Data Landscape Assessment: Analytics CEO Reveals Key Trends
Solutions Review’s Expert Insights Series is a collection of contributed articles written by industry experts in enterprise software categories. In this feature, Starburst CEO Justin Borgman offers his take on the most important trends to know when making a data landscape assessment for your organization.
2022 was the year that companies embraced multi-cloud, unleashing a whole new set of challenges associated with different cloud vendors and creating complications for companies looking to mature and scale after the pandemic.

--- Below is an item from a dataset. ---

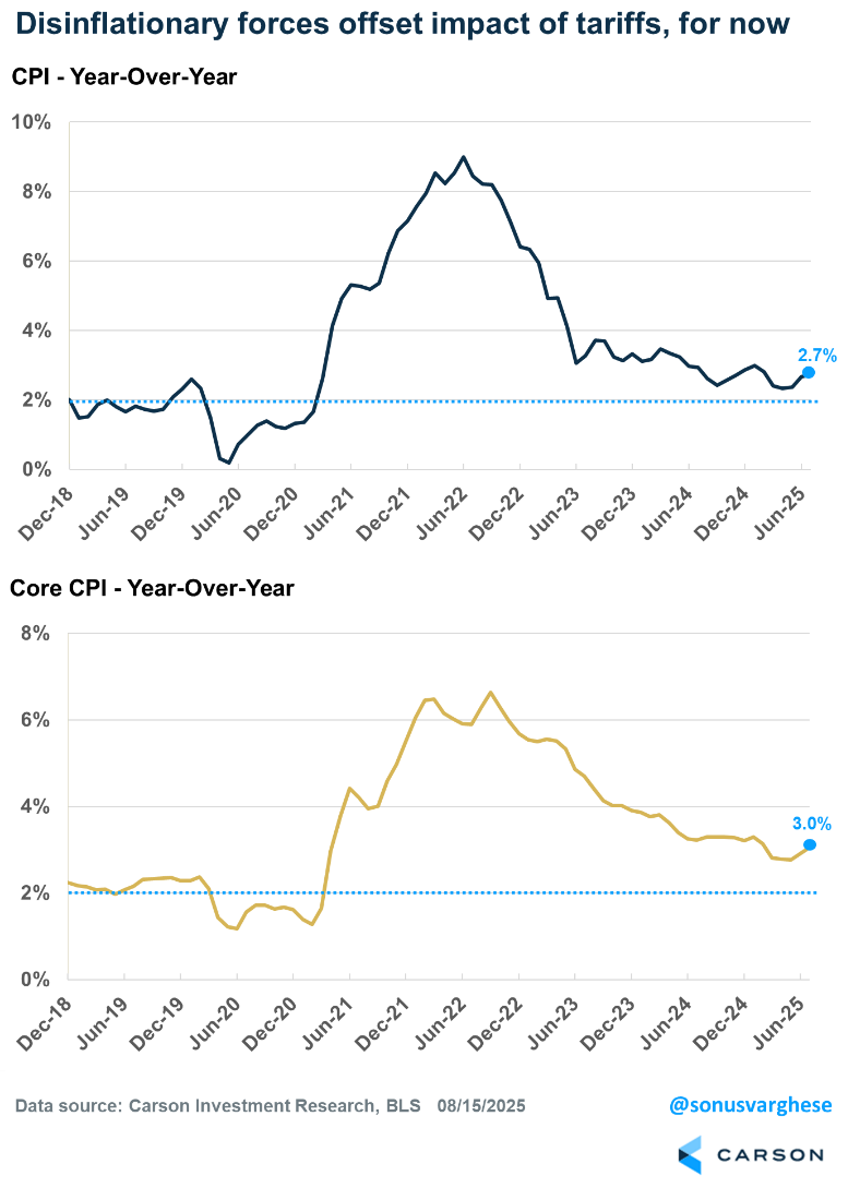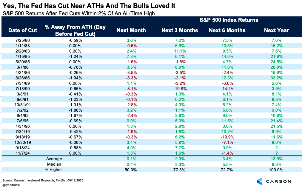 We will discuss the inflation data more below, but market-based pricing suggests there is currently a little less than an 85% chance of a rate cut at the next Federal Reserve Bank (Fed) meeting in four weeks. If you remember last year around this time, we noted that a rate cut with the S&P 500 near all-time highs is rather rare, but that doesn’t mean it isn’t possible. In fact, the Fed cut rates twice last year with the index near all-time highs (in September and November). The good news is rate cuts near all-time highs have seen stocks higher a year later 20 out of 20 times and when last year’s September and November 2024 cuts reach one year we could have 22 out of 22. In other words, if the Fed cut rates in September and the S&P 500 is still be near new highs, it could be another positive driver for stocks.
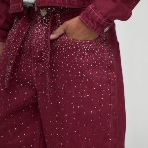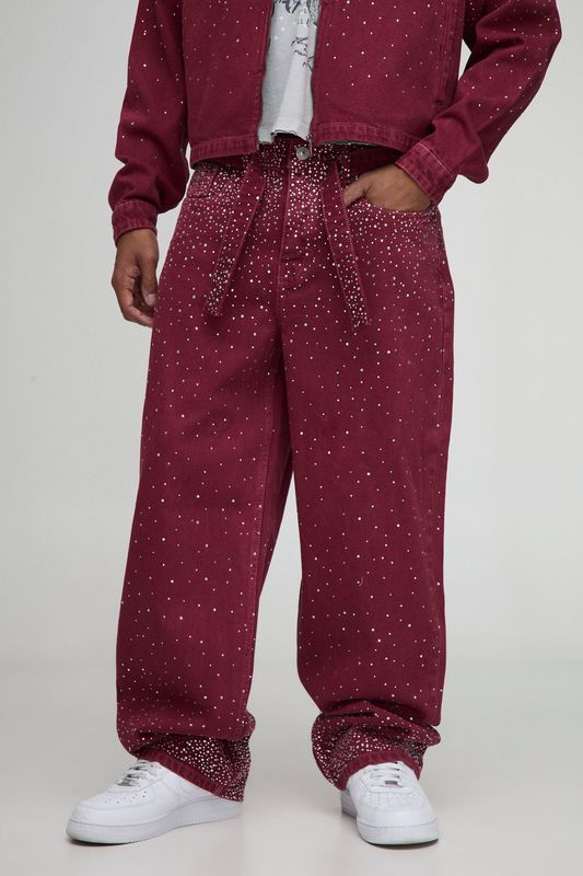 Relaxed Fit Belted Rhinestone Red Washed Jeans

Looking ahead into 2023, here are four key trends in the data landscape that will shape how organizations do business in the upcoming year.
Data Landscape Assessment
CIOs Need to Become Vigilant About Spending Data Dollars Efficiently
We’re all seeing pressure on IT budgets, and data spending is not immune. The cloud data analytics space has greatly evolved over the past decade, as have business leader priorities. As the industry continues to rapidly grow and economic pressures continue to mount, CIOs and CDOs are starting to work together to drive efficiency into data management & analytics. We see three common cost savings measures: (1) Companies are reducing data stored in expensive data warehouses and opting to place more of their data in a lake. (2) Some cloud migration projects have been deferred as cost control of data in the cloud has been a challenge, (3) Costs and inefficiencies related to data movement and copy management are being significantly reduced as companies are opting to leave the data where it lives.
Analysts Will Want to do Analytics in their Own House
2022 brought heated debate around data warehouses versus data lakehouses and why one over the other serves as the logical solution for storing, analyzing, and securing large amounts of data. Ultimately I predict that in 2023, this debate will stall as companies will want to analyze all of the data in their house, and there is no one-size-fits-all centralized architecture. To get the most out of their data, they’re going to need to make it all available for analytics, and that requires a distributed data architecture over-focusing on one approach over the other.
The Data Democratization & Data Governance Balancing Act Takes Center Stage
The trend of data democratization will continue to grow as organizations increasingly seek greater accessibility. However, data democratization comes with risks, and today’s organizations are faced with a challenge — how do you drive governance around data democratization?
With the continued rise of data democratization, we’ll see a shift from a storage-centric world to an analytics-centric world, one where data is treated as a first-class product to be consumed by the rest of the organization. The democratization of Data Products enables organizations to have greater access to their data across the board, but with that, there also needs to be fine-grained access controls. To support that, similar to how the data science occupation was created about 10 years ago to support big data analytics projects, in 2023 we’ll see the Data Product Manager role emerge to provide the necessary governance to facilitate who has access to what.
There Will be a Consolidation of the Vendors Supplying Small Parts of the Modern Data Stack
The modern data stack has had its day, but the rose-colored glasses have come off – folks realize cloud doesn’t necessarily mean modern and are transitioning their focus to the post-modern data stack. The post-modern data stack takes elements of cloud efficiency and agility and faster access to data – but focuses on having a unified architecture that supports accessing distributed data. Data centralization is not modern, and today’s definition of the modern data stack still supports moving much or all of your data to a central location before analyzing it. As more companies lean into creating a distributed data architecture, we’ll see consolidation among the vendors that are only addressing small pieces of the centralized modern data stack.
We’ve reached a breaking point in the data & analytics space and major paradigm shifts are on the horizon. In 2023, fluttering IT budgets, decentralized data, data democratization, and vendor consolidation will be key trends reshaping the data landscape as we move into the post-modern data stack era.